Protect plants at earliest sign of insect feeding, such as on this cabbage.
Chris Flynn / The Forum

Squash vine borer. Extremely prevalent, these insects quickly ruin a crop of squash and sometimes melons, pumpkins and cucumbers. The adult moth begins laying eggs on the basal stems of squash plants in late June or early July. The eggs hatch into larvae that tunnel into the squash stem, causing vines to quickly wilt as though they’re dry. They might recover at night, but vines soon collapse and won’t recover. Preventative insecticides are applied to the lower 12 to 24 inches of squash stem from soil level upward. The small, tan eggs can sometimes be found clinging to the stem a short distance above the soil line, and removed before they hatch.

Control methods

Luckily, we don’t need separate insecticides for each of these common pests. Following are products that are handy to keep on the garden shelf, since they’ll safeguard vegetables from a number of the pests listed. Always read and follow the label instructions.
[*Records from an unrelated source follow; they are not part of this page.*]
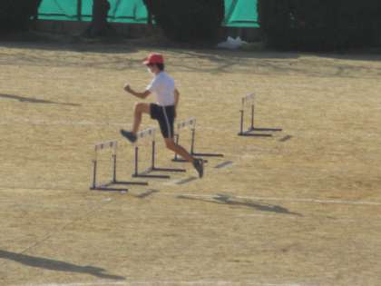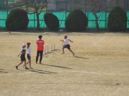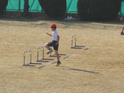 ハードル走に取り組んでいます。今日はどうするとうまく障害を倒さず走り抜けられるかを考えながら何度も練習しました。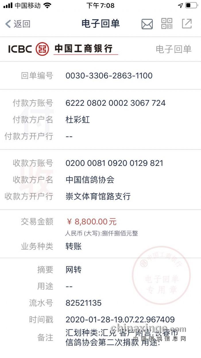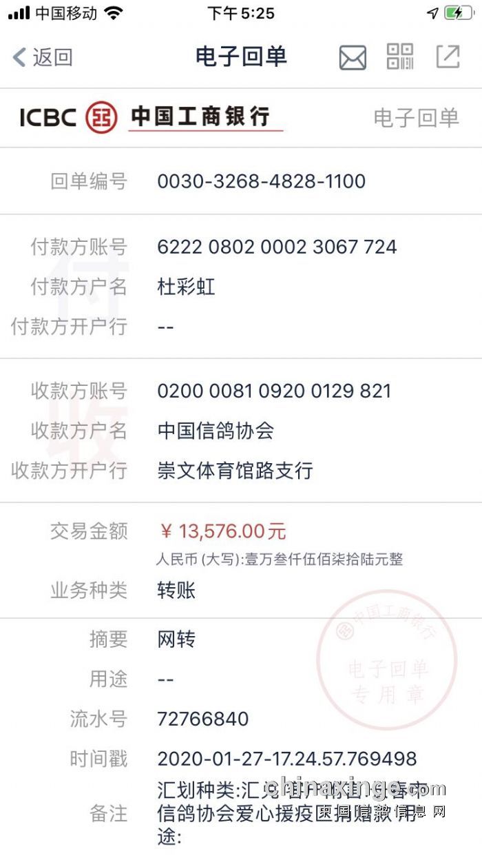 长春市信鸽协会开展的“大爱无疆、积极捐款”活动已经进行两天了,截止今日16:00已经完成了22376元的捐款,所捐款项已汇到中国信鸽协会。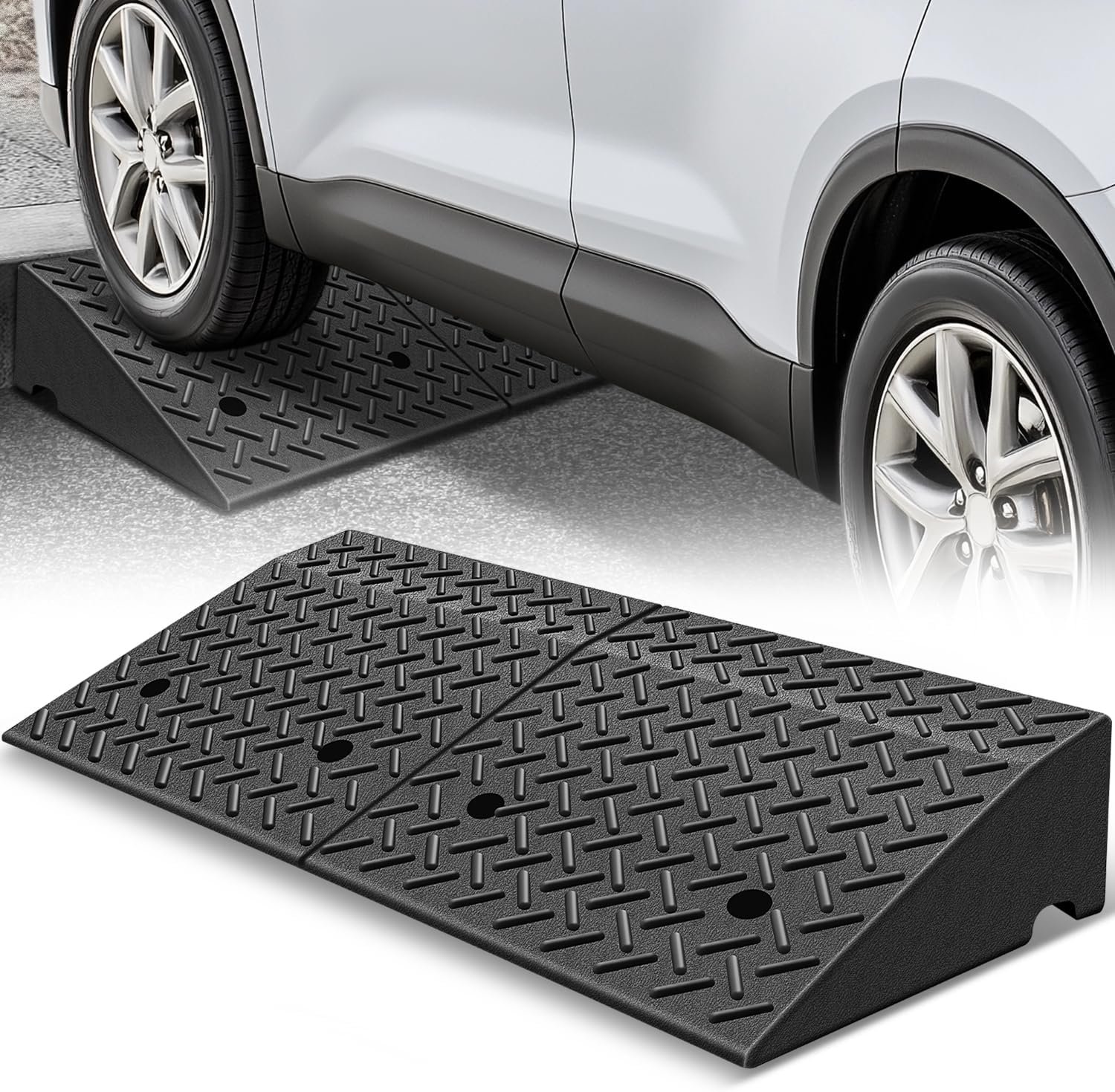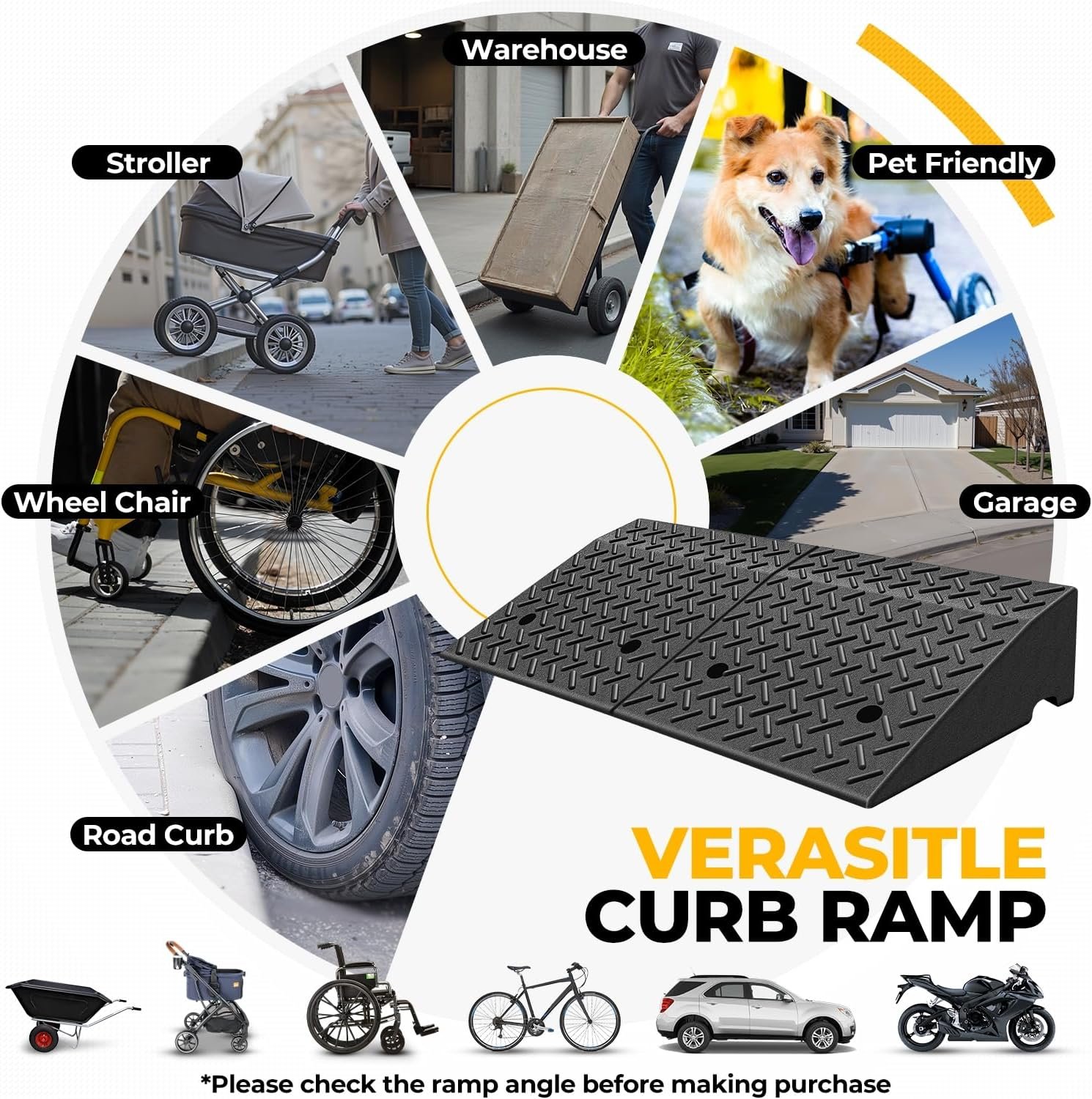 Wide Application: The portable rubber curb ramps have a variety of uses, it is the perfect solution for a wide array of settings, including curbs, driveways, garages, loading docks, parking lots, and more, also can be easily enables your cars, trucks, motorcycles, RVs, bikes, trailers, or other vehicles to transition to an elevated surface with ease.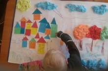 Наблюдая за природой во время прогулки, мы видим « Осень » как красивую пору. Она как художник придумывает свои наряды, сама решает каким цветом будет окрашено то, или иное дерево, куст. Сегодня ребята сами выбирали материал для аппликации - салфетки разных цветов! Получилось очень ярко и безумно красиво!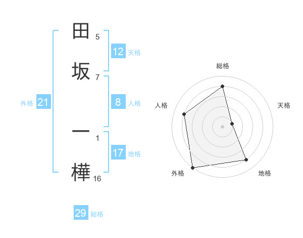 田坂 一樺さんを姓名の画数から五運を鑑定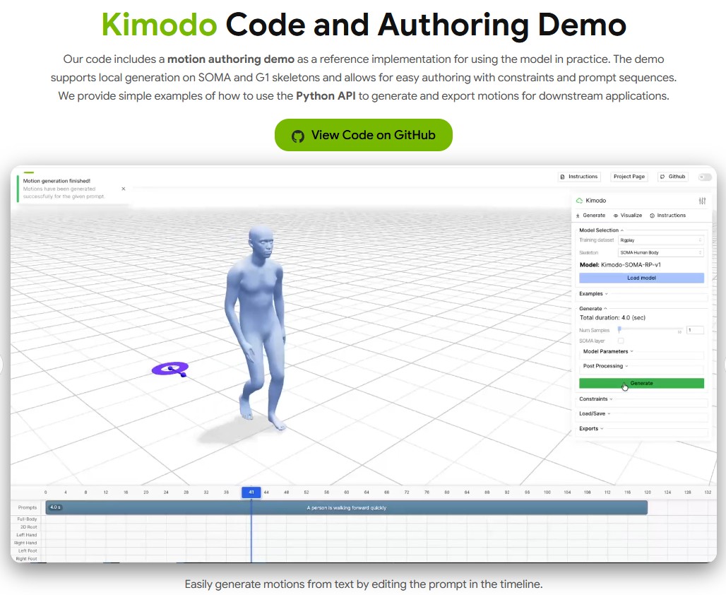 從 AI 工具程式開發的視角來看,Kimodo 提供了非常完整的開源生態。其 GitHub 儲存庫內建了基於 Web 的互動式介面(Interactive Demo)與 CLI 工具,並原生支援 SOMA、Unitree G1 與 SMPL-X 等多種骨架格式。開發者可以透過直覺的時間軸介面,編輯文字提示與約束條件,並即時預覽 3D 渲染結果。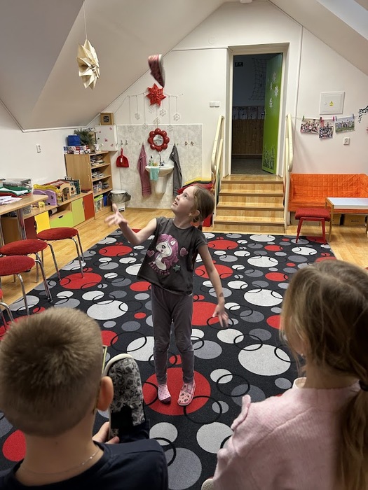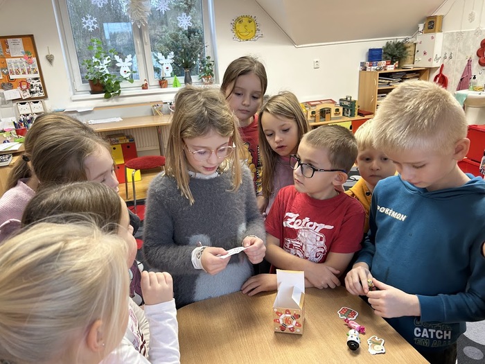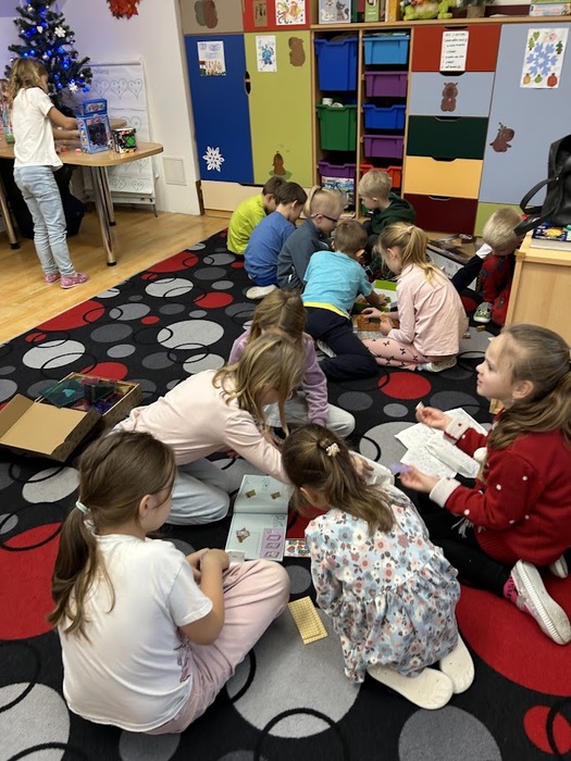 Hned na jeho začátku jsme si ozdobili vánoční stromeček, pod kterým jsme minulý týden našli hračky, které děti velmi potěšily. Každý týden jsme zapalovali svíčky na adventním věnci a četli si o vánočních svátcích z knihy Lidové tradice. Postupně jsme otvírali adventní kalendář, který neukrýval jen drobné dárečky, ale letos také úkoly, které jsme společně plnili. Například jsme krmili ptáčky, zpívali vánoční písně a koledy, zdobili perníčky nebo natrhali barborky, které nám v těchto dnech krásně vykvetly.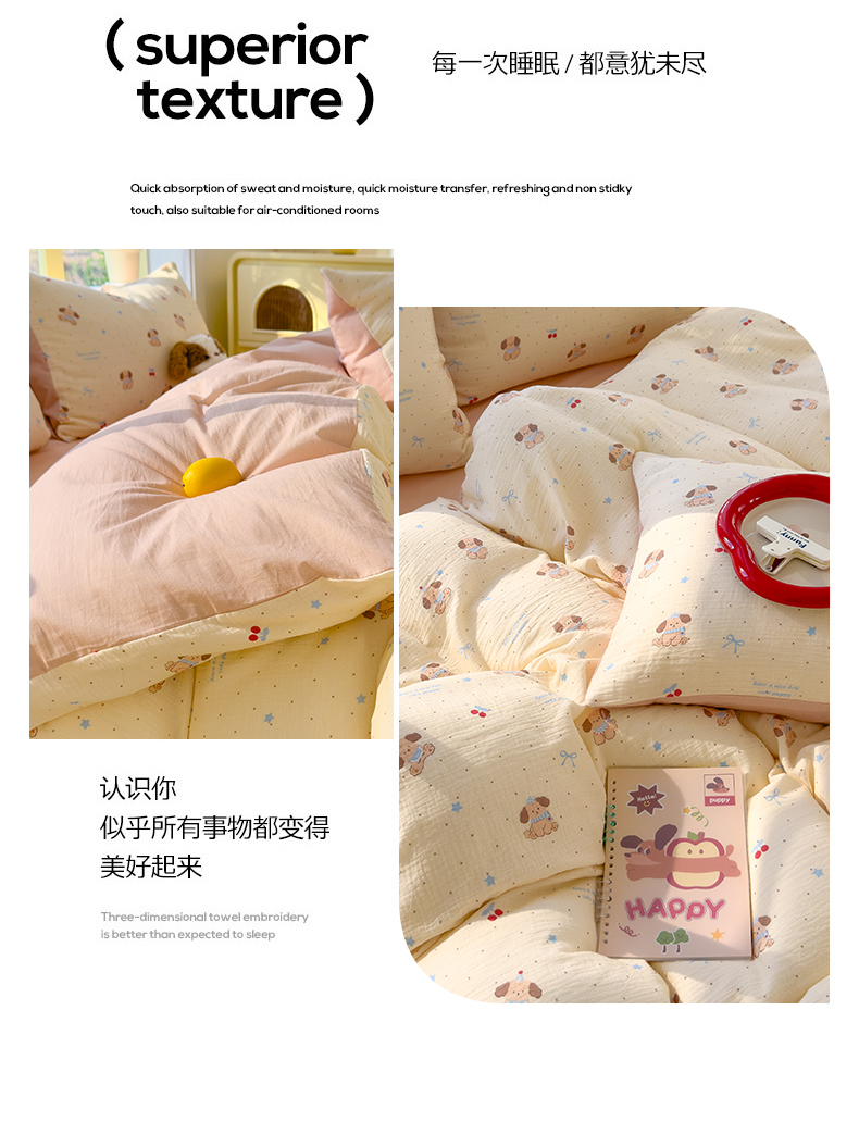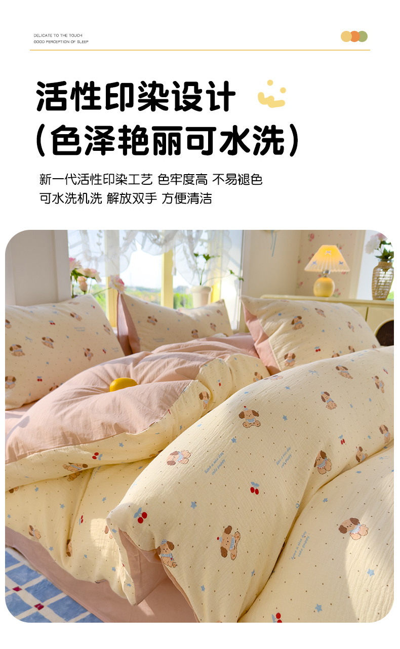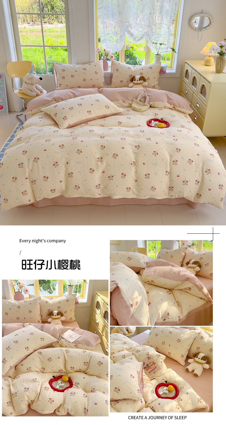 当前位置: 91家纺网 > 商品网购 > 床品套件 > 四件套 > 双层纱四件套 > 颜选2025新款105克加厚双层纱木棉四件套(含买家秀) 旺仔小樱桃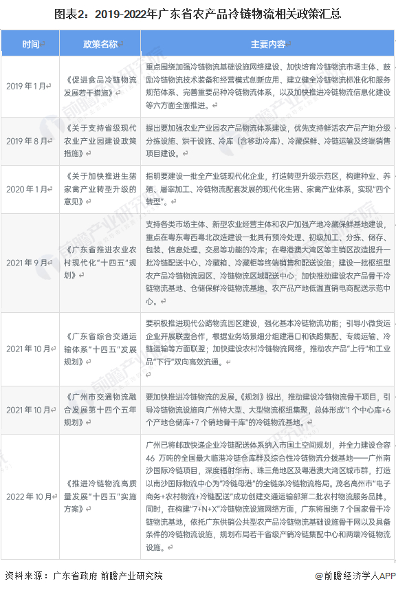 近年来,广东省发布了多项关于农产品冷链物流建设的利好政策,包括《促进食品冷链物流发展若干措施》、《关于支持省级现代农业产业园建设政策措施》、《广东省推进农业农村现代化“十四五”规划》、《推进冷链物流高质量发展“十四五”实施方案》等。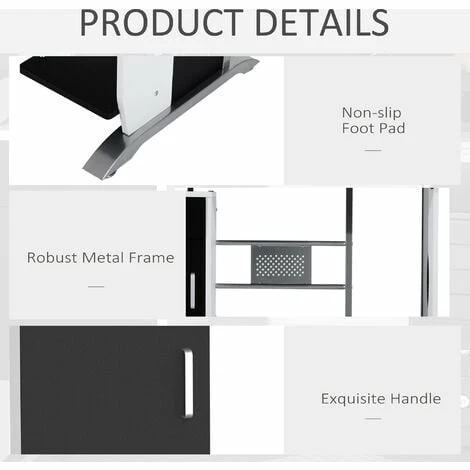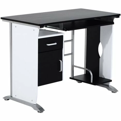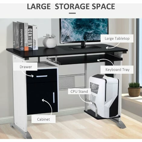 This stylish computer desk is constructed using high quality steel and MDF. It has a compact design to use the smallest amount of space, so great for small rooms. Comes with a sliding tray for your keyboard and a large convenient workspace for your monitor and any other items for daily work. There is a small drawer and cabinet to keep your stationary or any personal belongings. Comes complete with anti-slip feet to make your desk more stable and secure. This desk can be used for both home and office environment.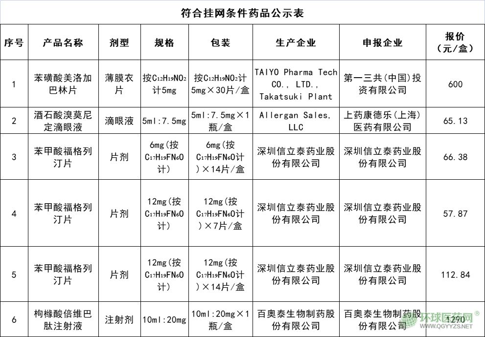 符合掛網(wǎng)條件的藥品合計6個,涉及苯磺酸美洛加巴林片、酒石酸溴莫尼定滴眼液等4個品種和深圳信立泰藥業(yè)股份有限公司、百奧泰生物制藥股份有限公司等4家生產(chǎn)企業(yè)。

Sevin and Eight. I’ve found them to be somewhat interchangeable in managing many of the insects described, so I keep one or the other on hand. Insects controlled are listed on the labels.

Spinosad. This will be listed on the label as the active ingredient, and there are several brand names. Besides controlling many other insects, it’s currently the most effective control for Colorado potato beetle, which has become resistant to many other insecticides. Spinosad is an organic compound.

Read lables carefully for insects controlled and safe practices. A bottle of insect repellent on a cement block showing the lable instructions and warnings.
Read labels carefully for safe practices regarding insect control.
Chris Flynn / The Forum

Malathion. Although it’s been around a long time, it remains an effective product.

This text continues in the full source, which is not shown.